**Stored items:**
————————

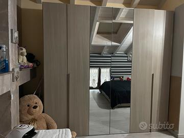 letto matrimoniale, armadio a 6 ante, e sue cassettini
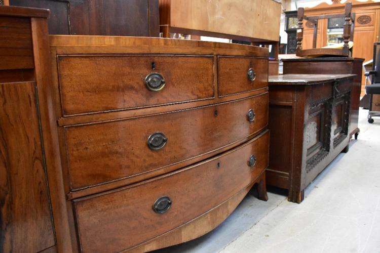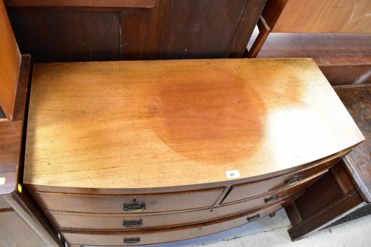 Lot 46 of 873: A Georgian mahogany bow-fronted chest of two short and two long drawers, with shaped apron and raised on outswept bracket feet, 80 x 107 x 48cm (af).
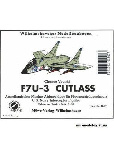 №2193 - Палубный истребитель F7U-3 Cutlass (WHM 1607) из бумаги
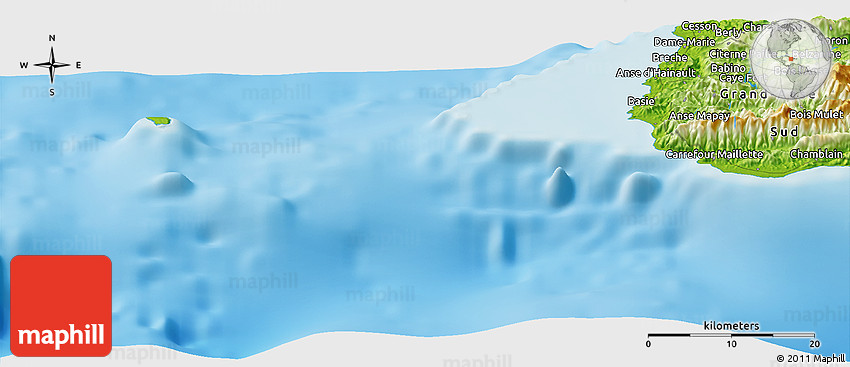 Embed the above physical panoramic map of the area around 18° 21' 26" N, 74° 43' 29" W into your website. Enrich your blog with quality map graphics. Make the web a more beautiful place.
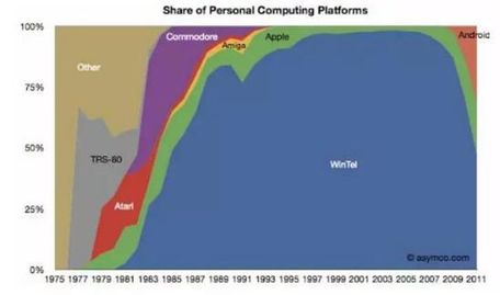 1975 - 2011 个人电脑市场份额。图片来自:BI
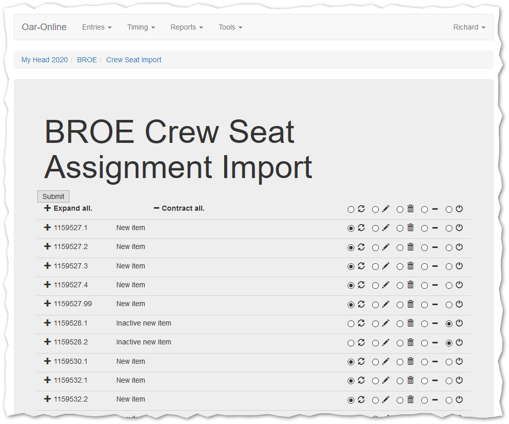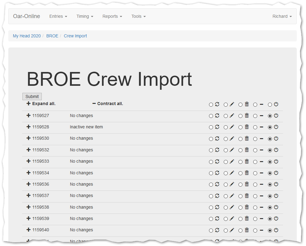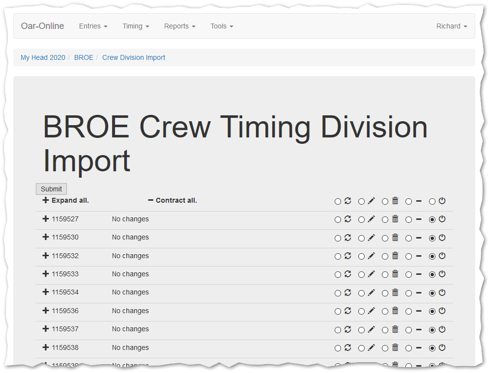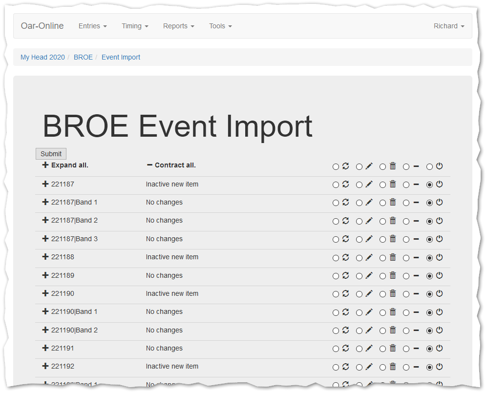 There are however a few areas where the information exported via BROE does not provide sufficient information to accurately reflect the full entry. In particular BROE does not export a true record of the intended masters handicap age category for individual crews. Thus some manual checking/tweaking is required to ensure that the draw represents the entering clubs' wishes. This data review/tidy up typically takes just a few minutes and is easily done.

————————

**ACTIVITY:** Among the entries above, copy exactly the stretch from the line holding "Lot 46 of 873: A" through the line holding "1975 - 2011 个人电脑市场份额。图片来自:BI", leaving out any pictures.

**WRITTEN SOLUTION:**
 Lot 46 of 873: A Georgian mahogany bow-fronted chest of two short and two long drawers, with shaped apron and raised on outswept bracket feet, 80 x 107 x 48cm (af).
 №2193 - Палубный истребитель F7U-3 Cutlass (WHM 1607) из бумаги
 Embed the above physical panoramic map of the area around 18° 21' 26" N, 74° 43' 29" W into your website. Enrich your blog with quality map graphics. Make the web a more beautiful place.
 1975 - 2011 个人电脑市场份额。图片来自:BI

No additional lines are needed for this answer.